Boris Johnson to break promise for 1000 more police officers
Adam Bienkov | Thursday 31 May, 2012 10:59
Boris Johnson today admitted that he will not keep his pledge to put an extra 1000 police officers on the streets by the end of his second term as Mayor.
Asked whether he would keep the promise in his 9 point plan for Greater London for “1000 more police officers on the beat” he replied:
“If you are saying am I pledging to have more than 33,000 [police officers] by 2016 then no that’s not what I’m saying.”
Questioned today by Labour London Assembly Member Tom Copley, he claimed that Labour had made a “wilful misconstruction” of the pledge which he claimed was only to keep police officer numbers “high.”
“No I’m sorry I think there has been some misunderstanding here, I don’t know perhaps a wilful misconstruction of what I said. I made it abundantly clear during the election campaign that we had produced a 1000 more full time warranted officers than there were when I was elected. Looking forward to 2016, Tom, as I said many times before, what I pledged to do was use the budgets that we have available to keep numbers high until the end of the [Comprehensive Spending Review] period in 2015 but thereafter clearly there’s a new fight and we’ll have to go in and make the case for high police numbers in London.”

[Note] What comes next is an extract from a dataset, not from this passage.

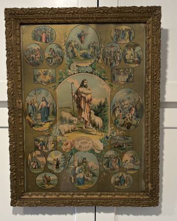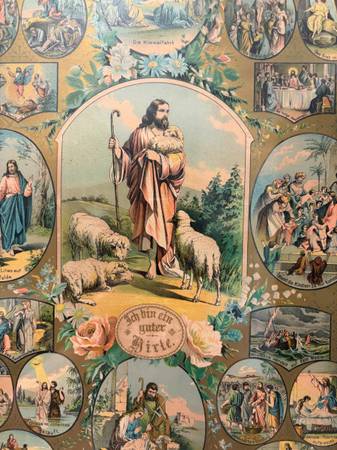 This beautiful print is in German and named "ich bin ein guter hirte" (I am the good shepherd). The frame measures 21.5 by 16.5 and is in good condition for its age. Call or text me at (585) five...

Reading out the Mayor’s fourth point of his nine point plan, Copley said:
“‘Making our streets and homes safer with a 1000 more police officers on the beat.’ That sounds an awful lot like a pledge for a 1000 more police officers by the end of your term.”
Boris replied that this had been “forensically examined” and would only be misunderstood by people who had “been living on Mars” during the campaign.
Johnson’s “nine point plan” was heavily criticised during the campaign after it emerged that another promise to “put £445 back in your pocket” in council tax actually referred to a hypothetical saving produced during his first term as mayor, and was not a promise for his second term.